About this exercise –
You are asked to copy the entire listing exactly, apart from its pictures.

Provided data –

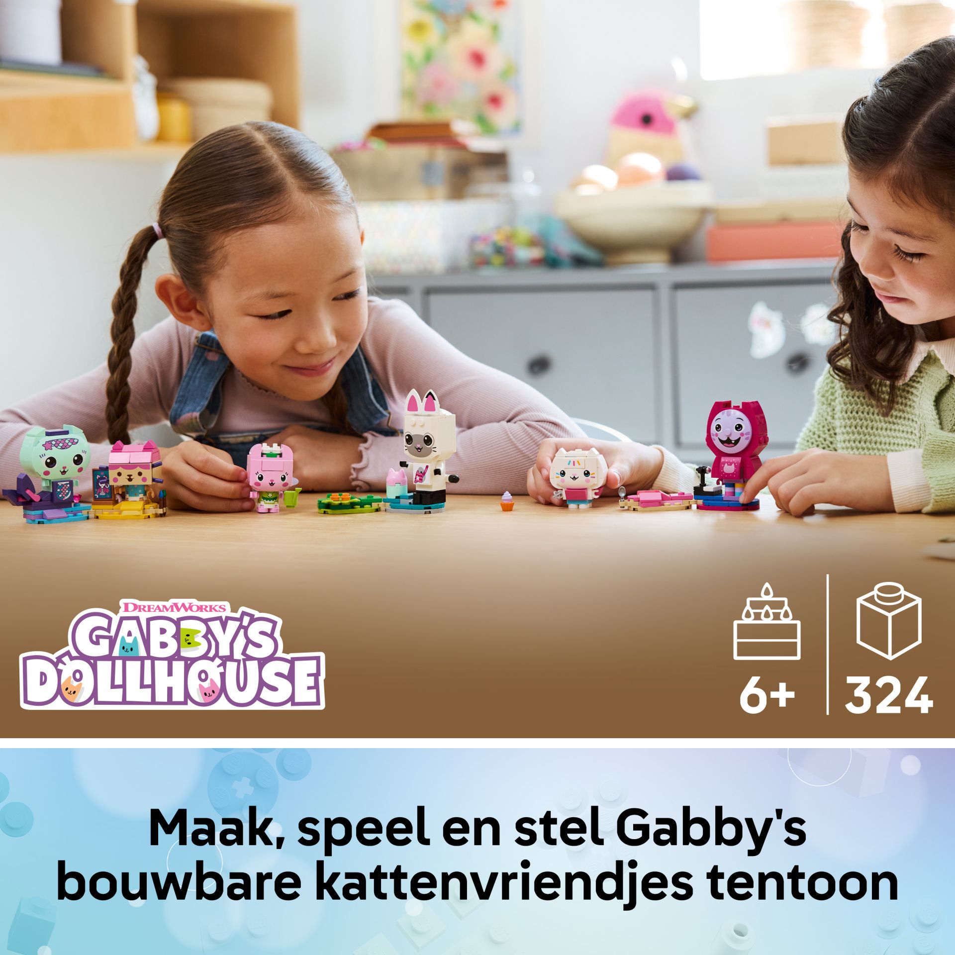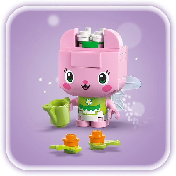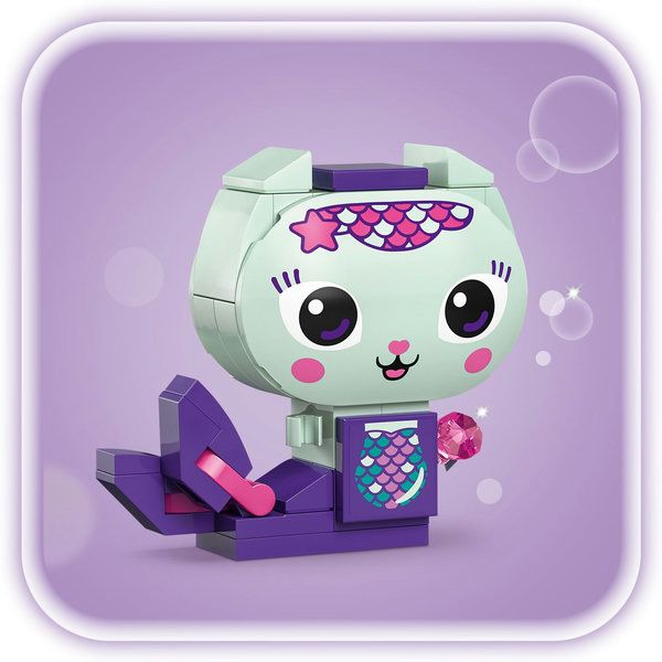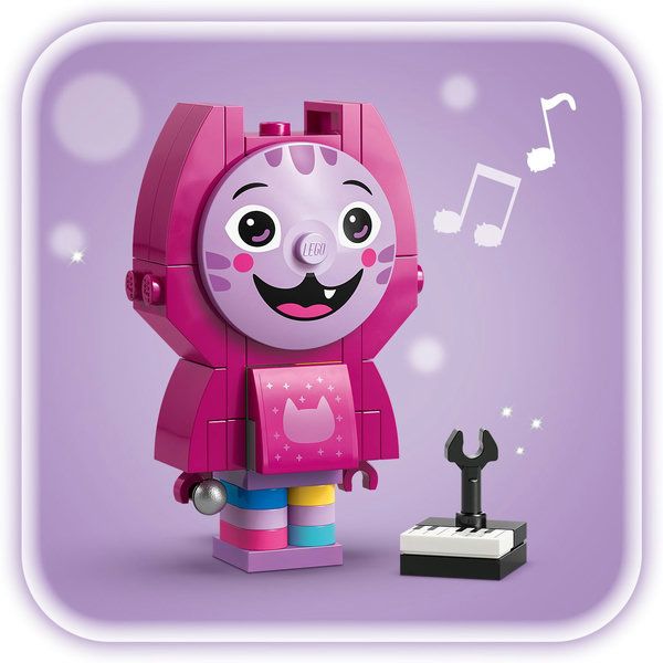 De set bevat 6 figuren om te bouwen, elk met accessoires uit de tv-serie. Meerminkat heeft een diamant, Babykitty heeft een schilderij van Gabby, Kitty Fee heeft een gieter, Pandy Poek heeft een poppenhuis, Cakey heeft een taart en Daniel James 'DJ' Kattenkruid heeft een piano. Er staan 2 afneembare figuren op elke bouwplaat. Deze set voor meisjes en jongens is een geweldige cadeautip voor fans van Gabby's poppenhuis. En met de LEGO® Builder app kunnen kinderen vol zelfvertrouwen bouwen. Hiermee kunnen ze inzoomen, de modellen in 3D draaien en hun voortgang bijhouden met eenvoudige digitale instructies. De set bevat 324 onderdelen.
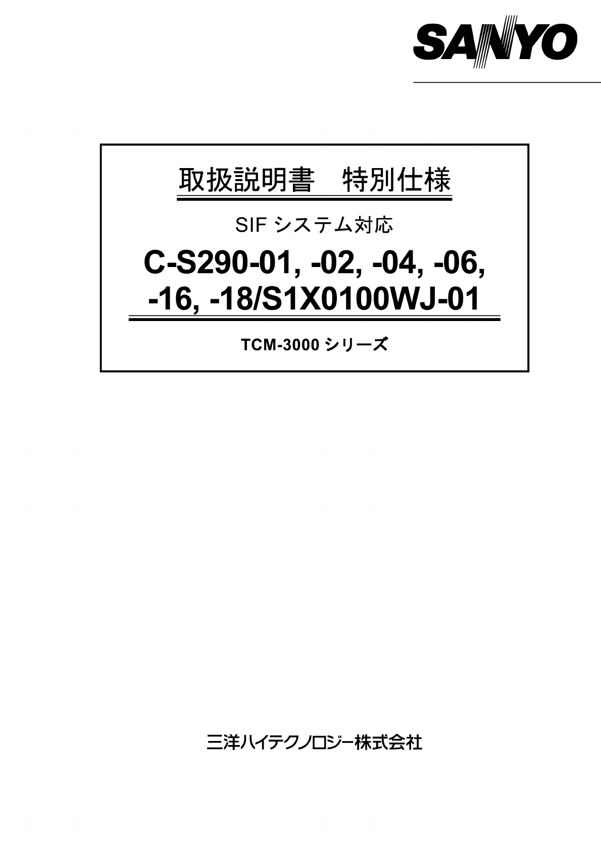 3. 本特別仕様に関するお問い合せは、当社営業部または販売代理店
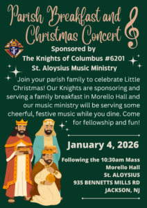 Confessions – Saturday 4:00pm – 4:45pm or schedule an appointment by calling the the parish office at 732-370-0500 ext. 204

Answer to this exercise –
 De set bevat 6 figuren om te bouwen, elk met accessoires uit de tv-serie. Meerminkat heeft een diamant, Babykitty heeft een schilderij van Gabby, Kitty Fee heeft een gieter, Pandy Poek heeft een poppenhuis, Cakey heeft een taart en Daniel James 'DJ' Kattenkruid heeft een piano. Er staan 2 afneembare figuren op elke bouwplaat. Deze set voor meisjes en jongens is een geweldige cadeautip voor fans van Gabby's poppenhuis. En met de LEGO® Builder app kunnen kinderen vol zelfvertrouwen bouwen. Hiermee kunnen ze inzoomen, de modellen in 3D draaien en hun voortgang bijhouden met eenvoudige digitale instructies. De set bevat 324 onderdelen.
 3. 本特別仕様に関するお問い合せは、当社営業部または販売代理店
 Confessions – Saturday 4:00pm – 4:45pm or schedule an appointment by calling the the parish office at 732-370-0500 ext. 204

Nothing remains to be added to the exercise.